Remote Ischemic Conditioning for Non-Proliferative Diabetic Retinopathy (RIC-NPDR)

Xuxiang Zhang, MD

Status

Enrolling

Conditions

Non-Proliferative Diabetic Retinopathy

Randomized Controlled Trial

Remote Ischemic Conditioning

Diabetes Mellitus, Type 2

Diabetic Retinopathy

Treatments

Device: Sham Remote Ischemic Conditioning Device

Device: Remote Ischemic Conditioning Device

Study type

Interventional

Funder types

Other

Identifiers

NCT06713720

CFH2024-2-20113 (Other Grant/Funding Number)

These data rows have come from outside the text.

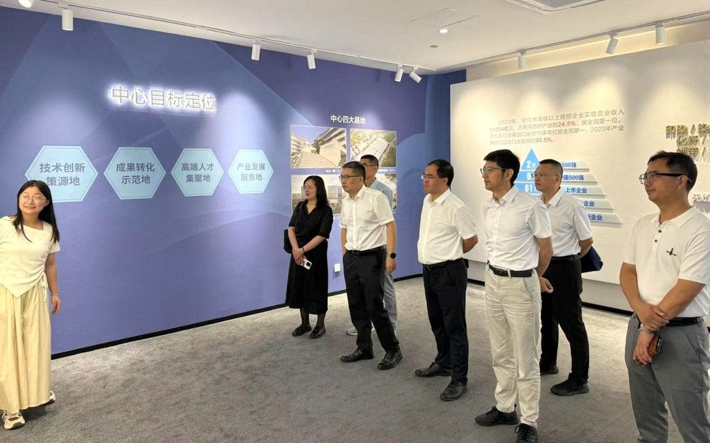 随后,调研团队前往浙江绍兴,走访了绍兴市柯桥区中国轻纺城建设管理委员会。任迎伟一行详细了解中国轻纺城在纺织产业集群发展、市场运营管理、品牌培育等方面的创新举措,与管委会重点探讨市场与院校、企业协同推进纺织人才培养的合作模式,并就双方在平台共建、科研合作等领域的可能性交换了意见。下午,任迎伟一行调研浙江现代省现代纺织技术创新中心,详细了解中心运行机制,表示未来学校将计划在柯桥建立相应机构,借助柯桥产业优势精准对接产业需求,推进学校人才培养和科研合作。
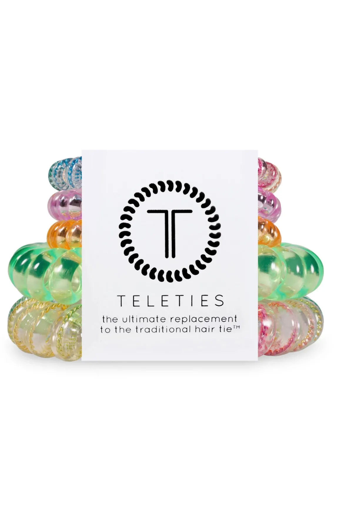 Say goodbye to bland, hair ripping hair ties with Teleties elastic hair bands. These flexible hair accessories are water resistant, provide less headaches and reduce damages as well as hair creases when you let your hair down. Hold is no longer an issue as Teleties provide a strong grip and doubles as a fashion statement when worn as stackable bracelets.
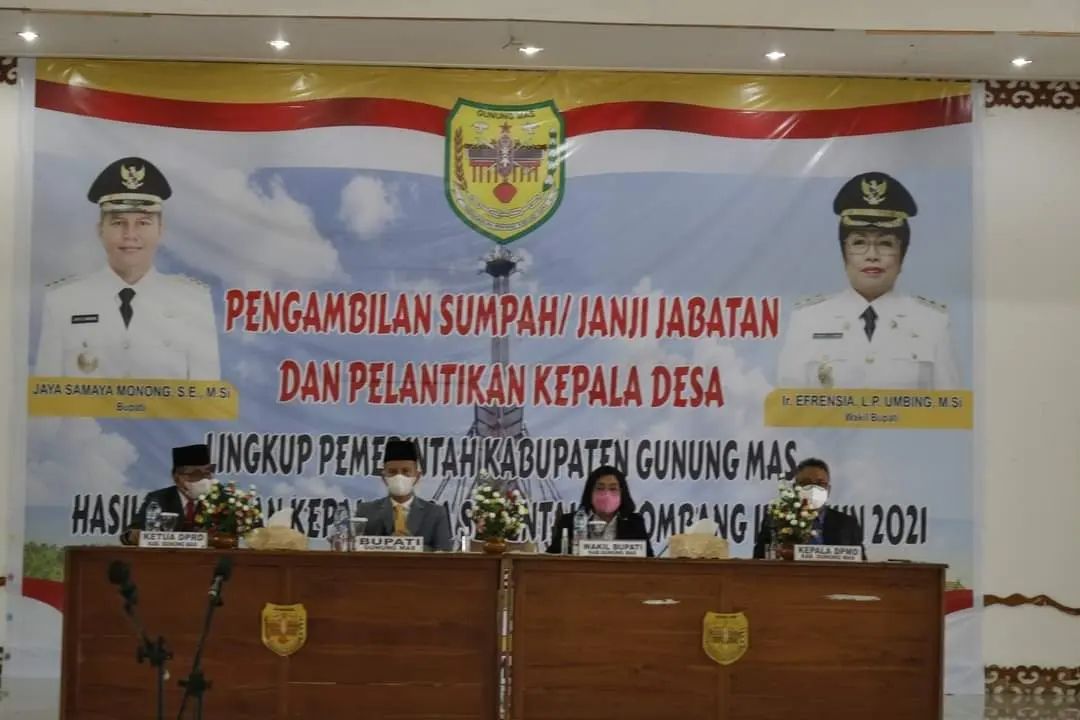 (Dari kiri) Ketua DPRD Kabupaten Gumas Akerman Sahidar, Bupati Jaya S Monong, Wakil Bupati Efrensia L.P Umbing, dan Kepala DPMD Yulius saat pelantikan 14 kades terpilih hasil Pilkades Serentak Gelombang III tahun 2021, di GPU Damang Batu Kuala Kurun, Kamis (10/3/2022). (Foto : Protokol dan Perjalanan Setda Gumas)
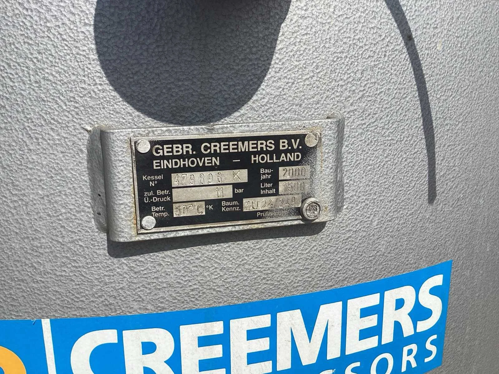 Inhoud 1500 liter; 11 bar Merk: Creemers Type: 479898 k Bouwjaar: 2000 Serienummer: Zu24/249 Totale afmeting Breedte: 1200mm Totale afmeting Hoogte: 2200mm

Details and patient eligibility

About

The goal of this clinical trial is to evaluate whether remote ischemic conditioning (RIC) is a safe and effective treatment for non-proliferative diabetic retinopathy (NPDR) in adults aged 40-80 years with type 2 diabetes. The study aims to address the limitations of current treatments for NPDR by using RIC, a technique involving repeated cycles of ischemia and hypoxia stimulation to activate protective mechanisms against retinal damage.

The main questions it aims to answer are:

Does RIC improve the Diabetic Retinopathy Severity Score (DRSS) after one year of treatment? Does RIC reduce the incidence of vision-threatening proliferative diabetic retinopathy (PDR)? What are the changes in retinal neurovascular unit parameters, visual acuity, and retinal oxygen saturation after RIC treatment?

Participants will:

Undergo RIC therapy using a specialized device on both upper limbs (or a placebo intervention for the control group) for 1 year.

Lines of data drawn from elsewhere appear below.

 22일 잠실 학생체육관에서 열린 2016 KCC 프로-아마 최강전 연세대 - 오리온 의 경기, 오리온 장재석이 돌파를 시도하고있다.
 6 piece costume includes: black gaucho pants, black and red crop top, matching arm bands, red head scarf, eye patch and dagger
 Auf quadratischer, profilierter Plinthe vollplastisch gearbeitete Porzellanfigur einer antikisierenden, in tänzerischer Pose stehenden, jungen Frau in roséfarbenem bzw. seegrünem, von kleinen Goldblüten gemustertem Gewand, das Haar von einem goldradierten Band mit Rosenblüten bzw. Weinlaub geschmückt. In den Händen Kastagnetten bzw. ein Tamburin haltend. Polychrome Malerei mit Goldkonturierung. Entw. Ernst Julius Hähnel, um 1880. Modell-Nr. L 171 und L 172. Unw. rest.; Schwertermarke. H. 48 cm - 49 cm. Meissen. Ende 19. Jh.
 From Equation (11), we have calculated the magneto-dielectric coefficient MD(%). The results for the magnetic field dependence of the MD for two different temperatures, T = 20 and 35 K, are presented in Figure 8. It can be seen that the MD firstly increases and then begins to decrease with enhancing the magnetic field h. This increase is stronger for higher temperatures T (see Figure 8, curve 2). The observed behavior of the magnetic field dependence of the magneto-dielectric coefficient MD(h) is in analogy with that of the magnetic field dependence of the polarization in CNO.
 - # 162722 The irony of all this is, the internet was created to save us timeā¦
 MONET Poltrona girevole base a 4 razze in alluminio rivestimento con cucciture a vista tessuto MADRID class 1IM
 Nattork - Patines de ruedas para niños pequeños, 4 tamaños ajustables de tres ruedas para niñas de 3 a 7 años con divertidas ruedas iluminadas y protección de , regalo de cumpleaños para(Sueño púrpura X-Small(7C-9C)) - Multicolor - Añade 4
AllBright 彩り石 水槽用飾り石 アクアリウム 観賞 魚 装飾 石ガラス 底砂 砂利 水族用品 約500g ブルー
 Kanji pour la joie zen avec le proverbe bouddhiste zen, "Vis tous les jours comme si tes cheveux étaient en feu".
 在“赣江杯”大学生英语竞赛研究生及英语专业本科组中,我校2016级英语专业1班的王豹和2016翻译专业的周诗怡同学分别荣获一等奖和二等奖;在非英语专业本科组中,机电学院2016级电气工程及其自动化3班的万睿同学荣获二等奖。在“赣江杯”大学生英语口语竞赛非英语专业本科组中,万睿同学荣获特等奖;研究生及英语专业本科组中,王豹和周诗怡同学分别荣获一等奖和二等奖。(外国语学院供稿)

Complete 5 cycles of RIC or placebo treatment twice daily, 5 days per week. Receive routine care for diabetic retinopathy as per clinical guidelines.

Key outcome measures:

Primary outcome: Change in DRSS from baseline after one year. Secondary outcomes: Incidence of PDR, changes in visual acuity, retinal neurovascular unit measures, retinal oxygen saturation, and serum biomarkers (e.g., VEGF, CRP, IL-6).

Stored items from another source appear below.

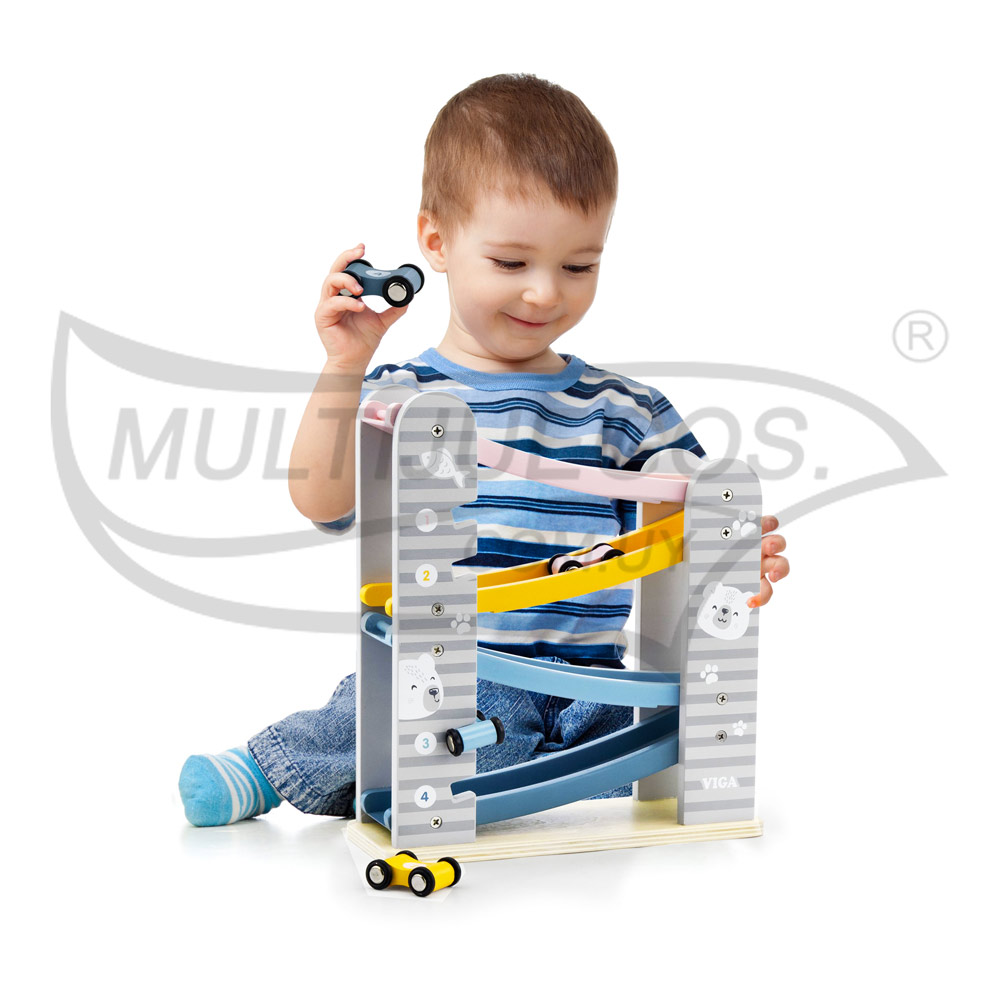 Material: Madera / Cantidad de piezas: 5 / Contiene una pista para lanzar con 4 autos
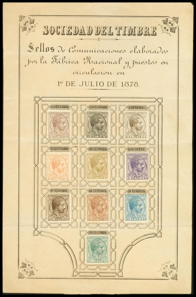 (★) 190/99. 1878. Complete series, affixed to a model sheet from the Stamp Society. MAGNIFICENT AND VERY RARE.
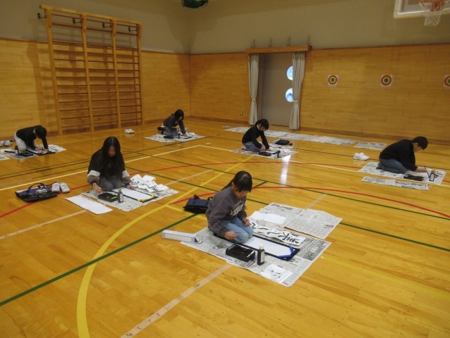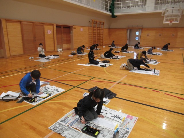 始業式後の書初大会では、真剣な表情で一文字一文字に思いを込めて書き上げていました。
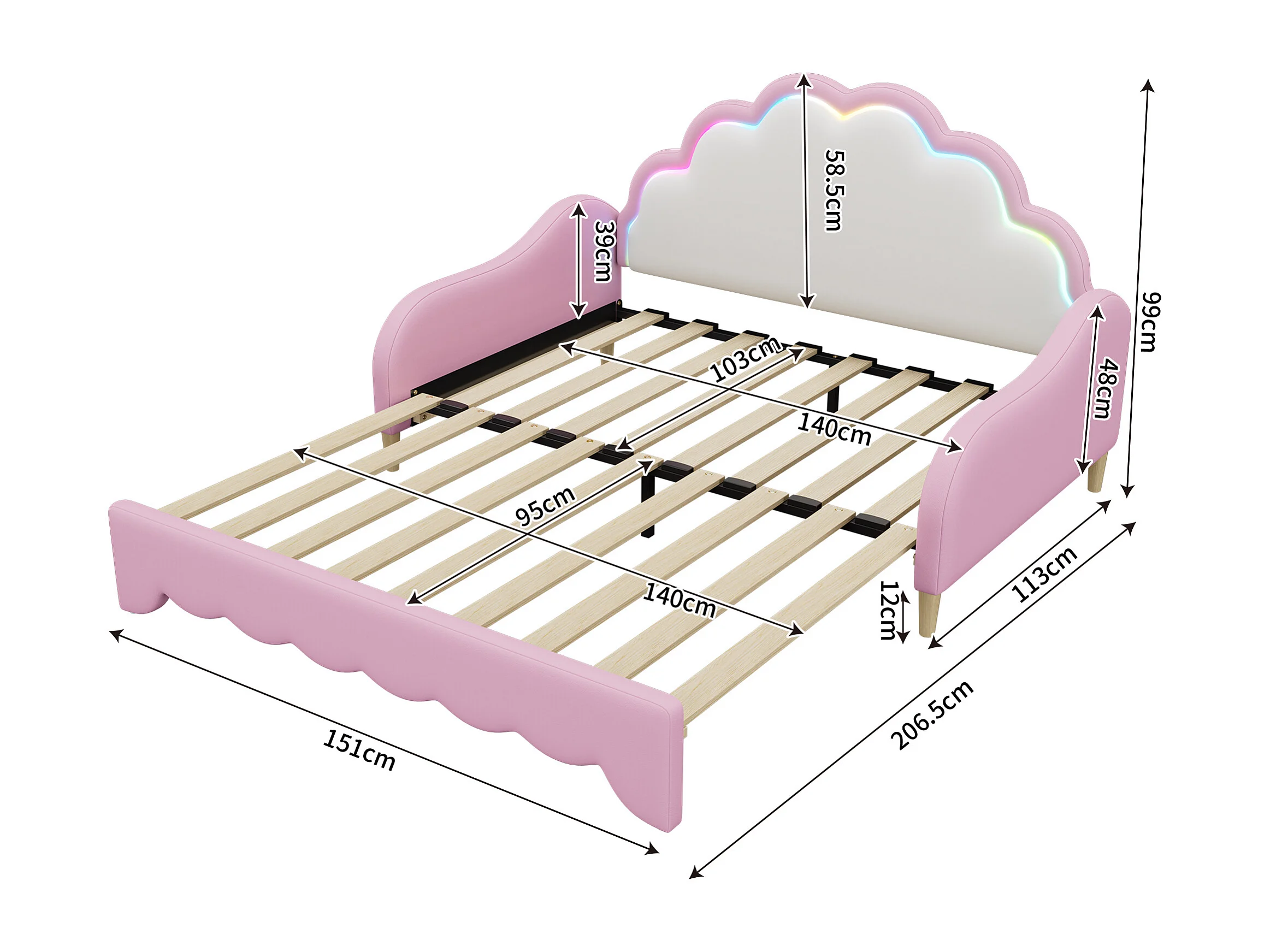 Lit rembourré, lumière changeante, tête de lit festonnée, pieds ronds, enfant, jeunesse, velours, beige + rose, 140x200cm
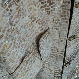 Chico's Gold and Glitter light weight Jacket. M/8, Chico's Sz 1. Gold and glitter light weight jacket. Barrell Buttons, Cute as heck. Fully lined. No pockets. EUC. great condition.

This randomized, double-blind, placebo-controlled trial aims to recruit 68 participants to ensure 60 complete the study, accounting for a 13% dropout rate. The findings are expected to provide insights into RIC as a novel intervention for NPDR, reducing blindness risk and supporting future large-scale trials.

Full description

Non-proliferative diabetic retinopathy (NPDR) represents an early yet critical stage of diabetic retinopathy, a leading cause of vision loss globally. Despite advancements in medical treatments such as anti-VEGF therapy and laser photocoagulation, there remains a significant gap in safe and effective interventions to halt or reverse NPDR progression. Current therapies often focus on advanced disease stages, leaving early-stage management a challenge.

Remote ischemic conditioning (RIC) introduces a novel, non-invasive approach to NPDR treatment. Based on the concept of "fighting hypoxia with hypoxia," RIC employs intermittent cycles of ischemia and reperfusion in the limbs to trigger endogenous protective mechanisms against hypoxic damage. Experimental studies have highlighted RIC's potential benefits, including enhanced retinal oxygenation, reduced pathological vascular proliferation, and preservation of retinal ganglion cells.

This study is designed as a randomized, double-blind, placebo-controlled clinical trial to evaluate RIC's safety and efficacy in adults aged 40-80 years with mild to moderate NPDR. The trial features meticulous inclusion and exclusion criteria to ensure the reliability of findings. Participants will undergo either RIC or placebo therapy using a specialized device. The RIC group will receive therapy at 200 mmHg inflation pressure, while the placebo group will undergo sham treatment at 60 mmHg. Both treatments will follow the same cycle and frequency, ensuring blinding is maintained.

The study's outcomes include comprehensive assessments of retinal structure and function, systemic biomarkers, and safety metrics. These encompass changes in Diabetic Retinopathy Severity Score (DRSS), retinal neurovascular parameters, visual acuity, and retinal oxygenation. Serum biomarkers such as VEGF, CRP, and IL-6 will provide insights into systemic inflammatory and vascular changes post-treatment.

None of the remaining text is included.